– Нет, горшки нам ни к чему, – отвечал сержант. – На горшки того спросу нет, что нам нужен. Надумали кирпич и черепицу жечь.
А вот это была неплохая идея. Любому городу кирпич нужен.
– И вот мы решили, что если вы дадите добро, так мы бы взялись, – продолжал сержант.
– Ну, что ж, дело хорошее, давайте. Думаю, что доля моя будет как и с земли – четверть.
– Вот о том мы и хотели поговорить, – мягко не согласился сержант. – Четверть – это многовато.
– Многовато?
– Многовато, господин. Понимаете, посчитали мы все: и цену в Малене на кирпич узнали, и расценки на извоз, в общем, если вам еще отдать четверть, то нам совсем мало остается. – Волков молчал, а сержант, видя это, начал ему объяснять: – Когда в землю зерно бросил, оно само растет, а тут не так будет, глина сама не вырастет: ее выкапывать надо, носить к печам, а то и возить придется. И печи сами гореть не будут. Сначала куст нарубить надо, сложить его да высушить, с сырого куста жара не выйдет, а осенью под навесом его держать. И все ручками, ручками.
– Ну и сколько вы думает дать мне? – спросил кавалер.
– Думаем каждый десятый кирпич и черепица ваши будут.
Сержант замолчал, и солдаты ждали в напряженном нетерпении, что он скажет, сколько выторговывать у них будет.

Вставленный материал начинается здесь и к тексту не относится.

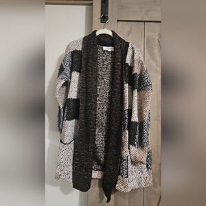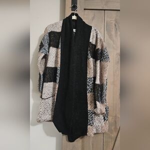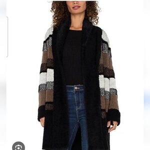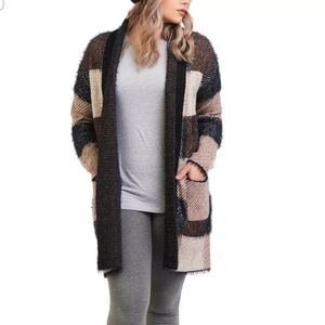WORKSHOP Republic Open-FrontEyelash Cardigan withContrast Trim -Brown/Black. SM
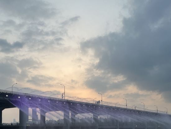 5月24日にこのツアーに参加しましたがソウルはこの時期、日が暮れるのが20時頃なので盤浦大橋に設置された噴水「ムーンライト・レインボー噴水ショー」は少し色が付いてるぐらいにしか見えませんでした。
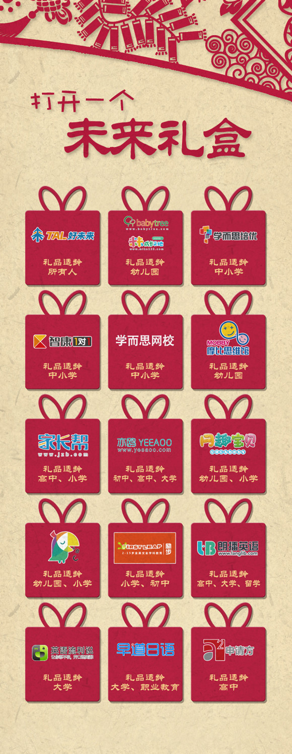 多知網(wǎng)2月12日消息,接近年底,在微信、支付寶、QQ、微博相繼開始加入發(fā)紅包大戰(zhàn)之時,好未來聯(lián)合旗下事業(yè)部、已投資企業(yè),將于16日推出類搶紅包營銷H5頁面。
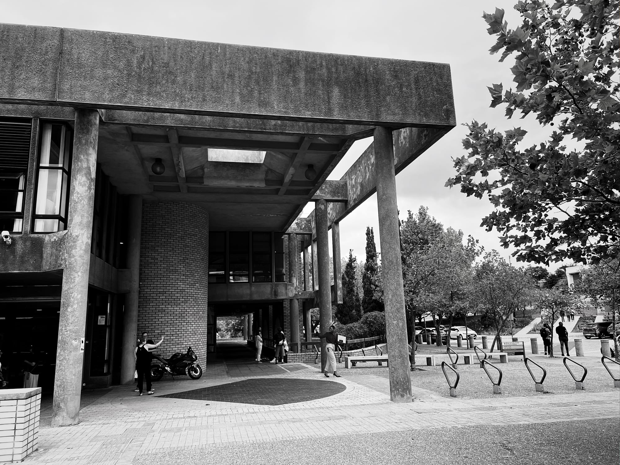Anyway. This law student / novelist / amateur photographer is amused by how enchanted I am by the Kramer Building, a 1984 face brick and concrete edifice housing UCT's law faculty on the university's Middle Campus. Amused because I suspect my younger (that is, teenaged) self would've found it drab, dour, cringy, "dated". The 2026 me finds it sexy without trying to be. (Hence the compulsive picture-taking.) A faded, unassuming, self-possessed modern. At the very, very outer edge of the mid-century, before it teeters off into post-modern insanity. I looked up when it was built: 1984, apparently. (So, not really mid-century at all.) Helvetica everywhere (now, that is modern). A smattering of art. And delightful plants, inside and outside, too.

Десятина. Мало, конечно, он бы хотел иметь больше, но с другой стороны, Волков рад был, что люди сами себе ищут дело. И нашли. Так не станет же он душить его, пусть всего десятина ему идет. Дело-то неплохое, кажется. И он не стал торговаться:
– Будь по-вашему. Идите к монаху, пусть пишет договор.
Солдаты по-военному обрадовались, трижды крикнули «виват кавалеру» и пошли со двора.
Да, Ёган был прав, земля его плоха, но и на ней жить можно, если руки приложить.
Как-то к обеду уже дело шло. Волков вернулся домой. Был с Ёганом на солдатских полях, где смотрели рожь, которая плохо всходила. Только он уселся за стол и позвал монаха, поговорить о делах, как Брунхильда подошла и положила перед ним бумагу. То было письмо со сломанной печатью.
– Посыльный привез от графа, – сказала Брунхильда.
– Письмо вроде для меня написано, – недовольно начал Волков.
– Для вас, для кого же еще, – сразу согласилась она.
– Так от чего же оно раскрыто? Кто сургуч сломал?
– Я, – ничуть не сомневаясь, сказала Брунхильда.
– Кто ж тебе дозволил мои письма раскрывать?
– А чего в том дурного? – искренне удивлялась девушка. – Я просто прочла.
– Запрещаю тебе впредь делать так, – сурово сказал он.
– Да, а чего? – не понимала она.
– А ничего, – продолжал он злиться. – Дозволять себе много стала, вот чего. Не смей впредь письма открывать.
– Как пожелаете, – сказала она чуть обиженно, поклонилась и пошла на двор.
А письмо то было не от графа, как думал Волков поначалу, писала ему дочь графа Элеонора Августа и в письме была ласкова:
Волков чуть обернулся, что-то показалось ему за спиной, и вздрогнул: за ним стояла Брунхильда, заглядывая ему через плечо. Читала письмо с ним снова. Вот и учи этих баб грамоте.
– Что за дурь! – рявкнул он. – Зачем подходишь так?!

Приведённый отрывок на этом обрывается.